Allen Durham

Free agent
- Position: Power forward / center

Personal information
- Born: July 9, 1988 (age 38) Wyoming, Michigan, U.S.
- Listed height: 6 ft 6 in (1.98 m)
- Listed weight: 236 lb (107 kg)

Career information
- High school: Wyoming Park (Wyoming, Michigan)
- College: Grace Bible (2006–2011)
- NBA draft: 2011: undrafted
- Playing career: 2011–present

Career history
- 2011: Dinamo Bucharest
- 2011–2012: Vilpas
- 2013: Hapoel Afula
- 2013–2014: Nantes
- 2014: Barako Bull Energy
- 2014–2015: Nantes
- 2015–2016: Texas Legends
- 2016: Nantes
- 2016: Meralco Bolts
- 2017: Club Malvin
- 2017–2018: Meralco Bolts
- 2019: Shiga Lakestars
- 2019–2020: Meralco Bolts
- 2020: Busan KT Sonicboom
- 2020–2021: Niigata Albirex BB
- 2021–2024: Ryukyu Golden Kings
- 2024: Meralco Bolts
- 2025: Saga Ballooners

Career highlights
- B.League champion (2023); B.League Finals MVP (2023); 3× PBA Best Import of the Conference (2016 Governors', 2017 Governors', 2019 Governors'); LNB Pro B Defensive Player of the Year (2014); 2x LNB Pro B All-First Team (2014, 2015); 2x LNB Pro B All-Imports Team (2014, 2015); Israeli National League All-Star (2014); 3x NCCAA Champion (2009, 2010, 2011); 3x NCCAA DII National Tournament MVP (2009, 2010, 2011); Pete Maravich Memorial Award Recipient (2011); 3x NCCAA DII 1st-Team All-American (2009, 2010, 2011); Grace Bible's College All-Time Scoring Leader; Grace Bible's College All-Time Rebounding Leader; Grace Bible's College All-Time Blocks Leader; Grace Bible's College Hall of Famer (2018);

= Allen Durham =

American basketball player

Allen Isiah Jeremiah Durham (born July 9, 1988), nicknamed The Hulk, is an American professional basketball player for the Saga Ballooners of the B.League. Allen owns the Grand Rapids Danger of the North American Basketball League and runs a foundation under his name. He leads Grace Bible College all-time in points, rebounds, and blocks and has played in multiple leagues around the world.

== College career ==
Durham came to Grace Bible College, a Division II school in the NCCAA, after graduating from Wyoming Park in 2006. He was recruited by Coach Gary Bailey. He left after his freshman year due to financial limitations to attend Grand Rapids Community College, but didn't play basketball. He returned to Grace the following season.
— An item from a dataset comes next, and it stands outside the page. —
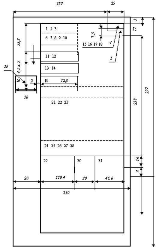 На документах реквізити повинні розташовуватися відповідно до формуляра-зразка, з дотриманням полів, встановлених ГОСТом 6.38 – 90: ліве поле – 20 мм, верхнє поле – не менше 10 мм; праве і нижнє – не менше ніж 8 мм (схематичне розташування реквізитів див. на стор. 9).
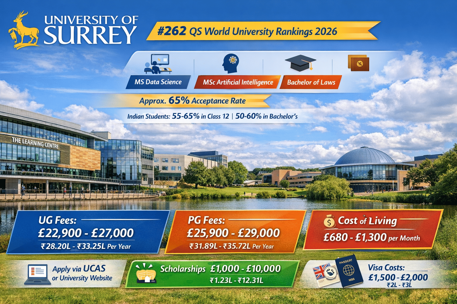 The University of Surrey is a well-recognised UK university offering a wide range of undergraduate and postgraduate courses for international students. For the 2026 intake, tuition fees typically range from £22,900 to £27,000 (INR 28.20 - 33.25 Lakhs) per year for undergraduate programs and from £20,700 to £29,000 (INR 25.49 - 36.71 Lakhs) per year for postgraduate courses, depending on the subject. In addition, students should plan for an average living cost of around £1,171 (INR 1.44 Lakhs) per month, as suggested by UK guidelines. The Indian students can also expect the total UK visa cost to be around £1,500 - 2,000 (INR 2-3 lakh), excluding tuition fees.

Before his senior season, he had offers from several Division I schools to transfer, such as Iowa State, Central Michigan and Miami at Ohio. He scored 31 points in a win against Lincoln Christian University to move into first place on the all-time scoring leaderboard of Grace. The record previously hadn't been broken since 1966. He also became Grace's all-time leading rebounder. He won the Pete Maravich Award for men's basketball in 2011.

== Professional career ==

=== Dinamo București (2011) ===
Durham started his professional career in Romania, after signing with Dinamo București. In his first career game with the team, he recorded 32 points and 13 rebounds in an 87–94 OT loss against the CS Otopeni. In his second game with Bucuresti, he racked up 21 points, 13 rebounds and 4 assists in an 86–91 OT loss against the CSS Giurgiu. He finished his time there with 23.3 points and 13.7 rebounds (including 5.7 offensive) per game in 18 games.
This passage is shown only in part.